5 pounds (4 individual) fish such as red snapper, cleaned, gutted and scaled
1 cup sliced onion
1/2 cup minced scallion
1/4 cup lime juice
1 tablespoon minced parsley
1 teaspoon mashed garlic
1 teaspoon salt
2 cups plus 1 tbsp oil for frying
2 cups coconut milk (freshly made or canned)
1/2 fish bouillon cube
1/2 teaspoon curry powder
1/4 teaspoon ground cumin
1/4 teaspoon pepper
Make sure all the scales have been removed from the fish by passing your hands over them from tail to head. Make 3 or 4 slashes along the sides of the skin of each fish; they should go all the way down to the bones.

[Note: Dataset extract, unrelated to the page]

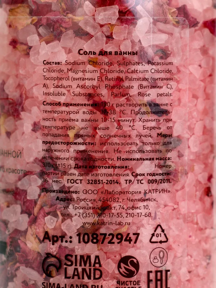 Соль для ванны с лепестками розы, 370 г — Характеристики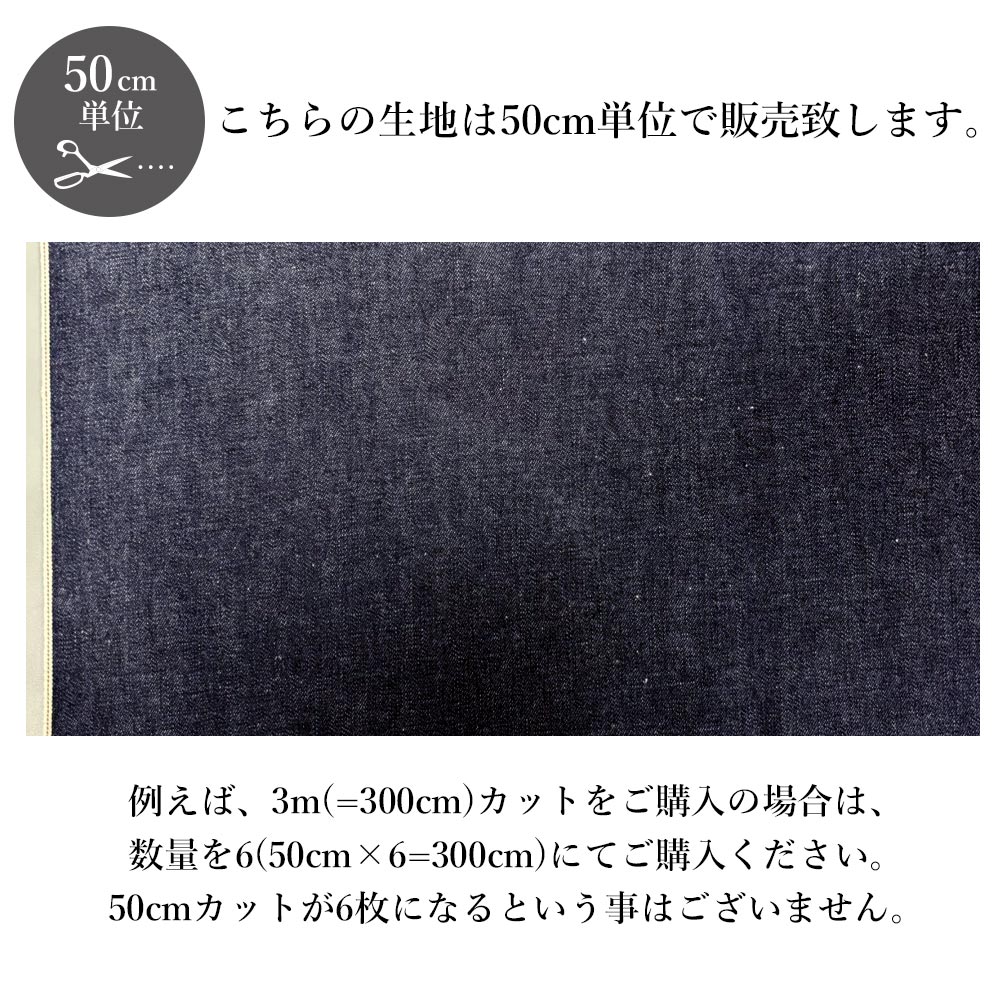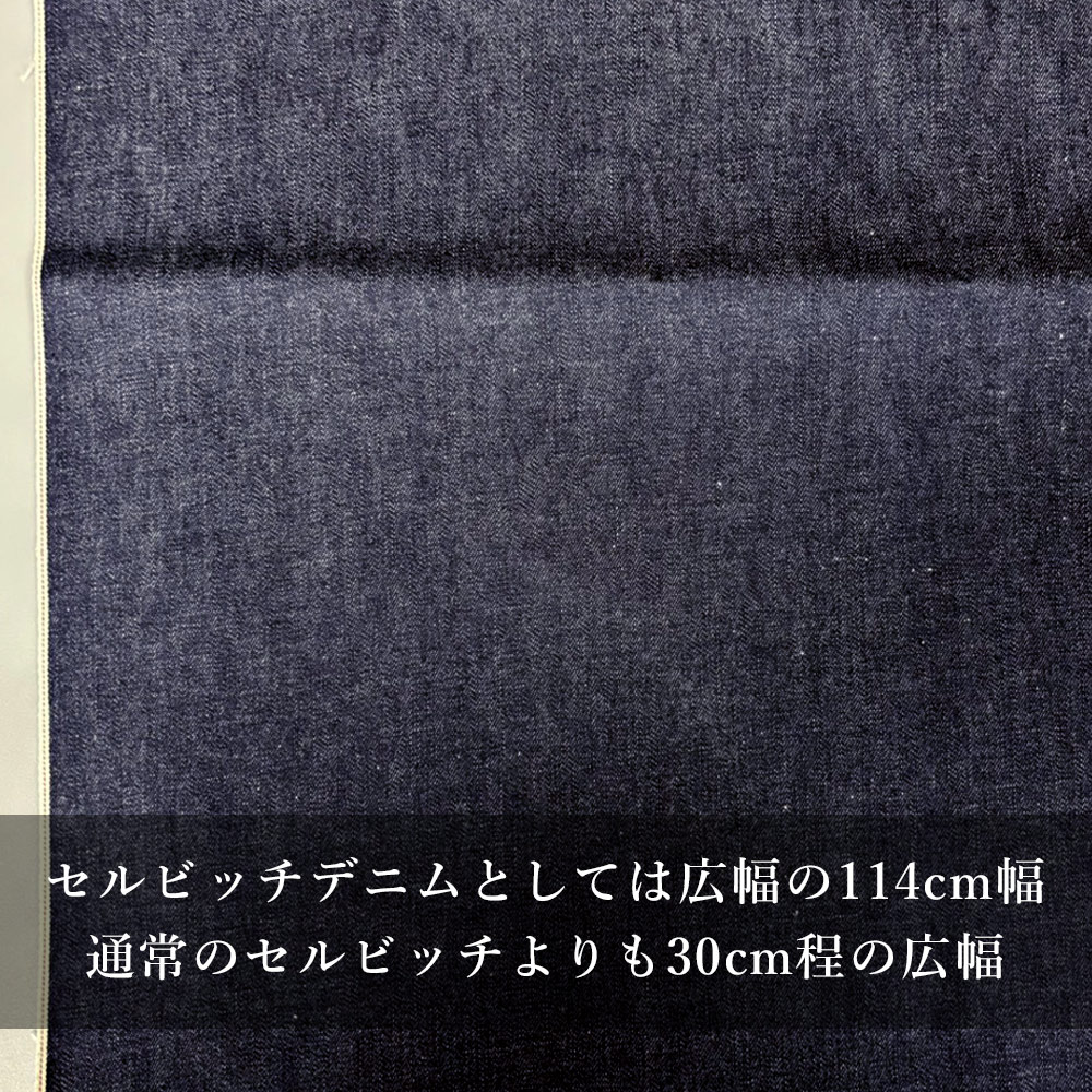 セルビッチデニムとしては広幅の114cm幅で、10オンスのライトオンス部類のセルビッチデニム。

Combine the sliced onion, scallion, lime juice, parsley, garlic, and salt, and run them inside the cuts and in the belly of the fish.
Cover and set aside in the refrigerator for 15 minutes or until ready to fry.
When you are ready to fry the fish, remove the onion mixture from the fish and drain the lime juice out. Discard the liquid but keep the rest.
Heat 2 cups of oil in a large sauté pan or wok over medium heat to 350°F.
Carefully drop the fish into the oil and fry for 2 minutes. Turn and fry for 2 minutes more.
Remove from the oil and drain over paper towels.
While the fish are frying, in another large sauté pan place the onion mixture you removed from the fish with the tablespoon of oil. Cook over medium heat until the onion is translucent, about 7 minutes. Add the coconut milk, bouillon cube, curry, cumin, and pepper. Cook briefly to blend the flavors.
When all the fish have been fried, place them into the coconut sauce and finish cooking, 5 minutes on each side.
If you wish to bake or broil the fish instead of frying them, go ahead: Bake at 450°F for eight minutes on each side or broil for five minutes on each side; otherwise, follow the rest of the instructions.
If you wish to prepare fish fillets, then you can prepare either less sauce, or more than four large fillets.